▸ **What the task asks**
Type out each entry exactly as it appears, but keep every image out.
━━━ Information
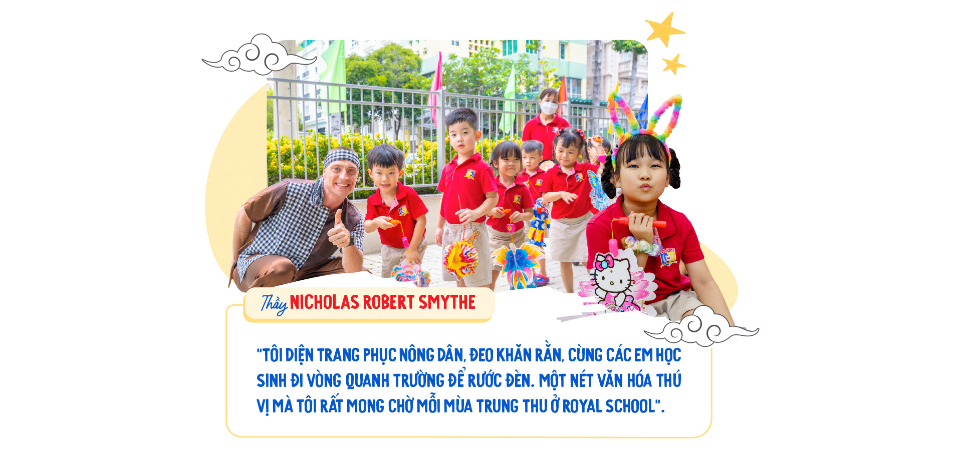 Đã hóa thân thành chú Cuội trong suốt 4 mùa trung thu liên tục, thầy Nicholas Robert Smythe (điều phối chuyên môn ở Royal School) có rất nhiều kỷ niệm khó quên khi được tham gia một hoạt động truyền thống ý nghĩa của Việt Nam.
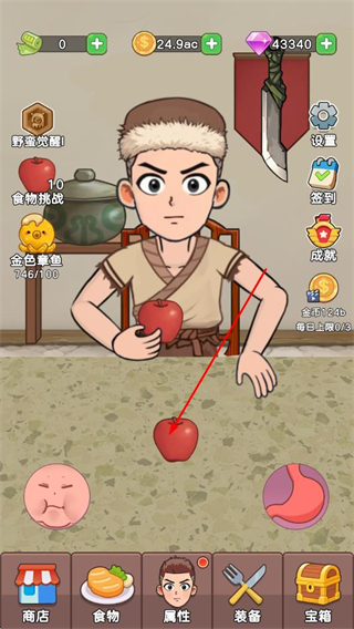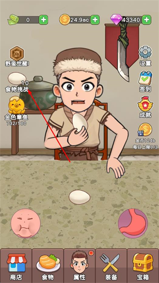 4、回到主頁(yè)面后,可以發(fā)現(xiàn)現(xiàn)在吃的食物更新了,可繼續(xù)選擇其他食物進(jìn)行挑戰(zhàn),不斷更新食物種類,推動(dòng)角色進(jìn)化。
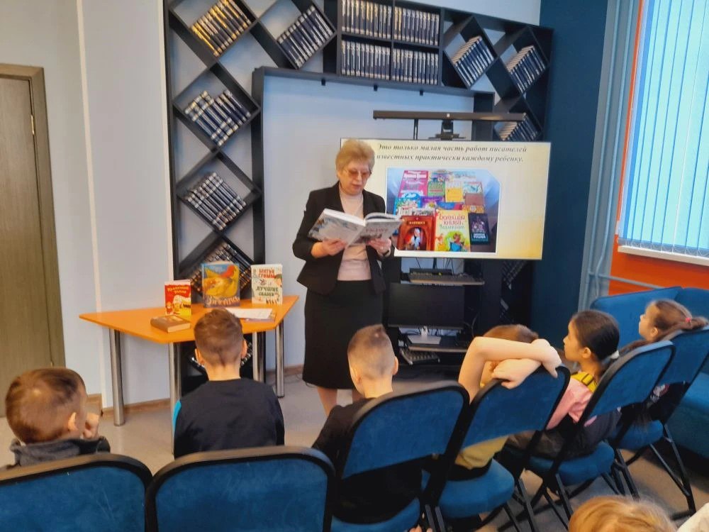 В библиотеке для юных зрителей прошёл мультпоказ "Весёлая карусель". Сотрудник библиотеки рассказал ребятам, что в 2026 году киностудия "Союзмультфильм" отмечает 90-летие, оставаясь старейшим и крупнейшим производителем анимации в России. Затем читатели рассказали о своих любимых сказках и историях, посмотрели мультфильмы "Кот?нок по имени Гав", "Кошкин дом" и "Умка".
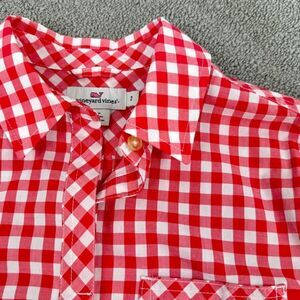 Vineyard Vines Gingham Check Button Front Shirt Red White Size 2 Long Sleeve
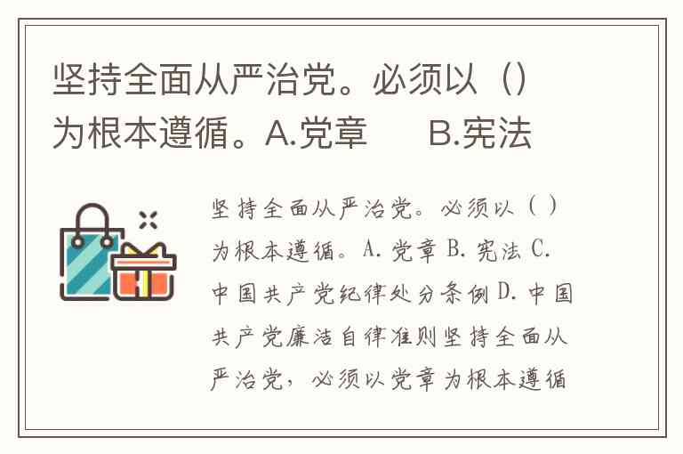坚持全面从严治党。必须以()为根本遵循。A.党章 B.宪法 C.中国共产党纪律处分条例 D.中国共产党廉洁自律准则
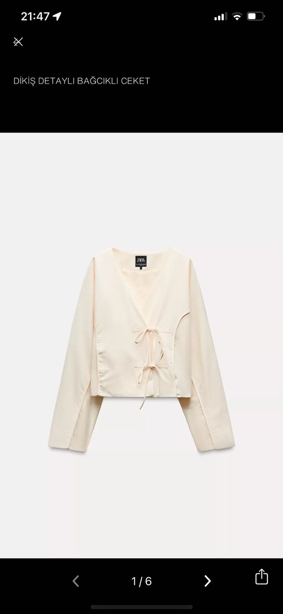 Uzun kollu, V yaka ve kemerli beyaz keten ceket. Gevşek ve kısa kesimiyle minimalist sokak stili sunar, günlük kullanım için uygundur.
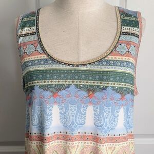 'Sofia' Sleeveless. Scoop neckline. Soft, lightweight fabric with stretch. Multicolor print. Semi-fitted. Slips on over head.
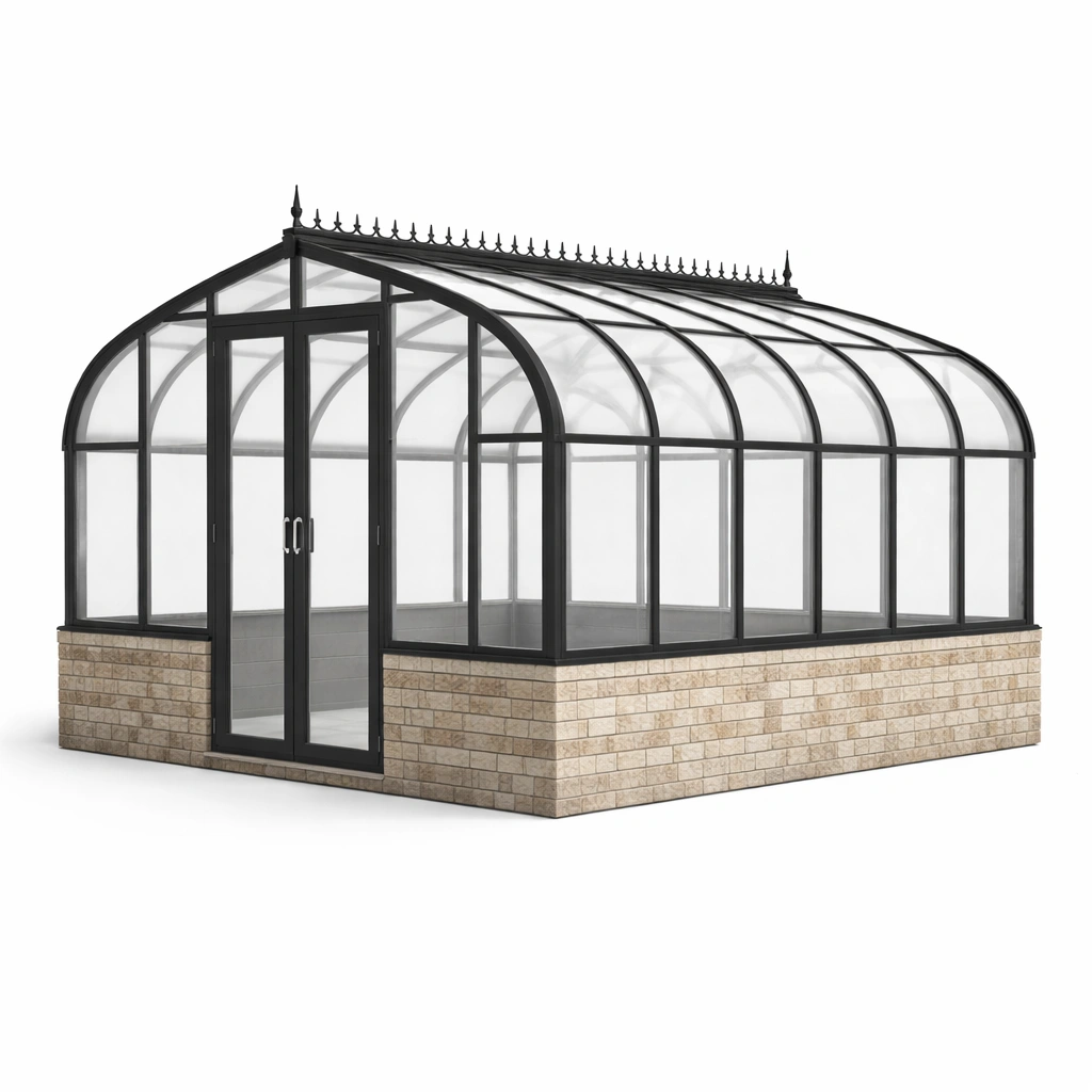 Material: Aluminiumrahmen, klare Polycarbonatplatten, Ziegelbasis
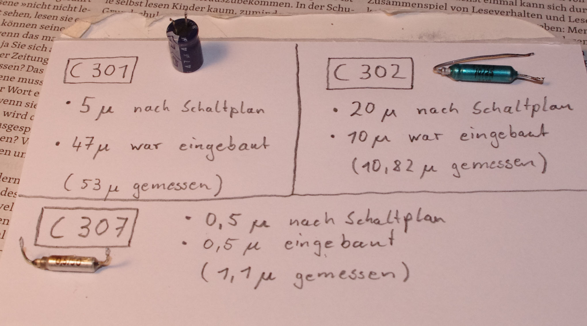 C 301 wurde offensichtlich in der Vergangenheit schon einmal gewechselt. Es wurde hier aber ein 47 u statt eines 5 u eingebaut. C 302 sollte nach Schaltplan 20 u haben, nach Beschriftung und Messung hat er aber 10 u. C 307 hat nach Schaltplan und Beschriftung 0,5 u, nach Messung jedoch etwa 1,1 u.
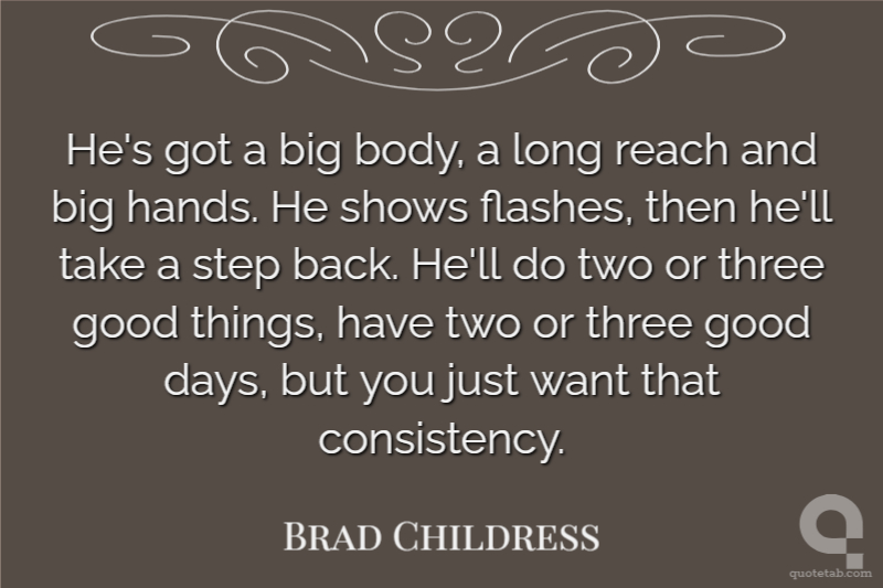 He's got a big body, a long reach and big hands. He shows flashes, then he'll take a step back. He'll do two or three good things, have two or three good days, but you just want that consistency.
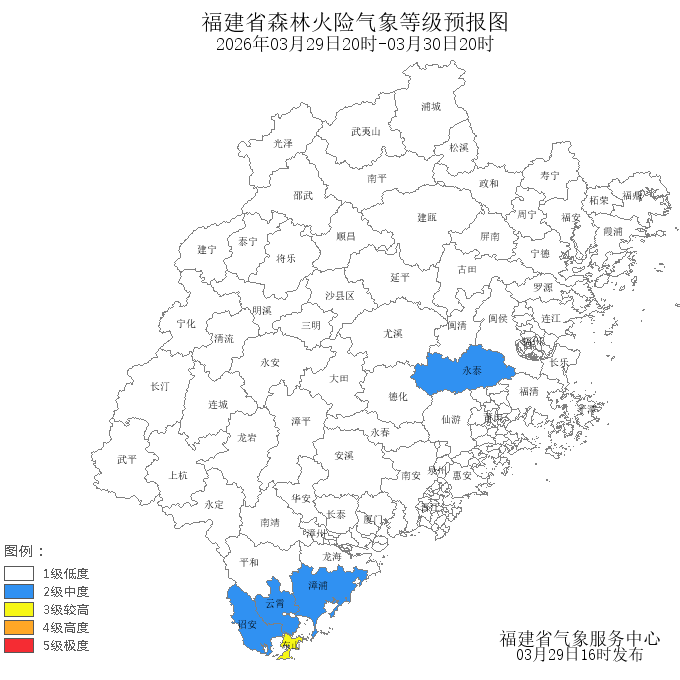 今天晚上到明天白天,东山县的森林火险气象等级为较高危险(三级)。
━━━━━━
▸ **Result**
 Đã hóa thân thành chú Cuội trong suốt 4 mùa trung thu liên tục, thầy Nicholas Robert Smythe (điều phối chuyên môn ở Royal School) có rất nhiều kỷ niệm khó quên khi được tham gia một hoạt động truyền thống ý nghĩa của Việt Nam.
 4、回到主頁(yè)面后,可以發(fā)現(xiàn)現(xiàn)在吃的食物更新了,可繼續(xù)選擇其他食物進(jìn)行挑戰(zhàn),不斷更新食物種類,推動(dòng)角色進(jìn)化。
 В библиотеке для юных зрителей прошёл мультпоказ "Весёлая карусель". Сотрудник библиотеки рассказал ребятам, что в 2026 году киностудия "Союзмультфильм" отмечает 90-летие, оставаясь старейшим и крупнейшим производителем анимации в России. Затем читатели рассказали о своих любимых сказках и историях, посмотрели мультфильмы "Кот?нок по имени Гав", "Кошкин дом" и "Умка".
 Vineyard Vines Gingham Check Button Front Shirt Red White Size 2 Long Sleeve
坚持全面从严治党。必须以()为根本遵循。A.党章 B.宪法 C.中国共产党纪律处分条例 D.中国共产党廉洁自律准则
 Uzun kollu, V yaka ve kemerli beyaz keten ceket. Gevşek ve kısa kesimiyle minimalist sokak stili sunar, günlük kullanım için uygundur.
 'Sofia' Sleeveless. Scoop neckline. Soft, lightweight fabric with stretch. Multicolor print. Semi-fitted. Slips on over head.
 Material: Aluminiumrahmen, klare Polycarbonatplatten, Ziegelbasis
 C 301 wurde offensichtlich in der Vergangenheit schon einmal gewechselt. Es wurde hier aber ein 47 u statt eines 5 u eingebaut. C 302 sollte nach Schaltplan 20 u haben, nach Beschriftung und Messung hat er aber 10 u. C 307 hat nach Schaltplan und Beschriftung 0,5 u, nach Messung jedoch etwa 1,1 u.
 He's got a big body, a long reach and big hands. He shows flashes, then he'll take a step back. He'll do two or three good things, have two or three good days, but you just want that consistency.
 今天晚上到明天白天,东山县的森林火险气象等级为较高危险(三级)。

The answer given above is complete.